I really liked the key-value part for this PR. I think we can give a general info about the current theme that a Jekyll site uses.
@mertkahyaoglu Thank you, but I think you posted this comment in the wrong PR. This PR is about editing template files at source_dir
and not about files in a theme
:smile:
@ashmaroli Yeah, that part belongs to other PR 😄
Hi, I've pushed a preliminary commit to initialize the frontend aspect of this PR. Please start up the server-frontend
and take a tour when you get some time :wink: I've also considered Ben's suggestions in earlier comments.
Jekyll doesn't have a dedicated object for includes, and assets in the Core.
Good point. For includes, I think we can make our own, like we do data files. Are assets not just Pages or static files?
While StaticFilesAPI does return assets without front matter, the PagesAPI will only return Page objects that output to .html
What about an optional argument for the pages API to return non-HTML files?
Are assets not just Pages or static files?

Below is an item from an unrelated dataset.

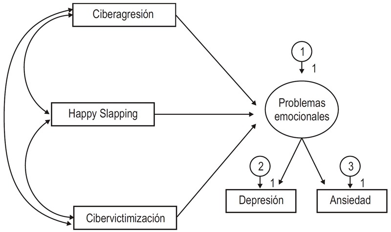 En lo referente a la validez convergente de las subescalas Cibervictimización total, Cibervictimización y Happy Slapping, estas se asociaban significativamente con la escala de Depresión de Kovacs (1992) (r = 0.420, 0.430 y 0.267, respectivamente) y la medición de Ansiedad de Rosenberg (1973) (r = 0.337, 0.376 y 0.152, respectivamente). En lo relativo a la validez de la escala de Ciberagresión, esta se correlacionaba con la escala de Depresión y Ansiedad (r = 0.256 y 0.141, respectivamente). Que las subescalas de Cibervictimización correlacione linealmente con los problemas emocionales, como depresión y ansiedad, mientras que Ciberagresión lo haga también con dichos problemas emocionales, es algo que también fue detectado en estudios extranjeros (Kowalski et al., 2014; Mehari et al., 2014), lo cual indicaría su validez convergente. También se puso a prueba un modelo de ecuaciones estructurales con las tres subescalas del Cuestionario de Ciberbullying (como variables exógenas) y los problemas emocionales (con los puntajes de depresión y ansiedad como variable latente endógena) que demostró validez convergente para las subescalas Cibervictimización y Ciberagresión, aunque no para Happy Slapping.

Yes, they're. But then wouldn't the API url for these files be different?
_layouts/default.html : http://localhost:4000/_api/templates/_layouts/default.html
_includes/include.html : http://localhost:4000/_api/templates/_includes/include.html
_sass/test.scss : http://localhost:4000/_api/templates/_sass/test.scss
assets/css/main.css : http://localhost:4000/_api/pages/assets/css/main.css
assets/img/logo.png : http://localhost:4000/_api/static_files/assets/img/logo.png
What about an optional argument for the pages API to return non-HTML files?
That sounds like a nice idea.
What I'm suggesting:
_layouts/default.html : http://localhost:4000/_api/layouts/default.html
_includes/include.html : http://localhost:4000/_api/includes/include.html
_sass/test.scss : http://localhost:4000/_api/pages/_sass/test.scss
assets/css/main.css : http://localhost:4000/_api/pages/assets/css/main.css
assets/img/logo.png : http://localhost:4000/_api/static_files/assets/img/logo.png
oh.. so new namespaces for each directory, eh? Nice. Will also add /drafts/
to this list then.
Now, how is this API going to be imported into the frontend?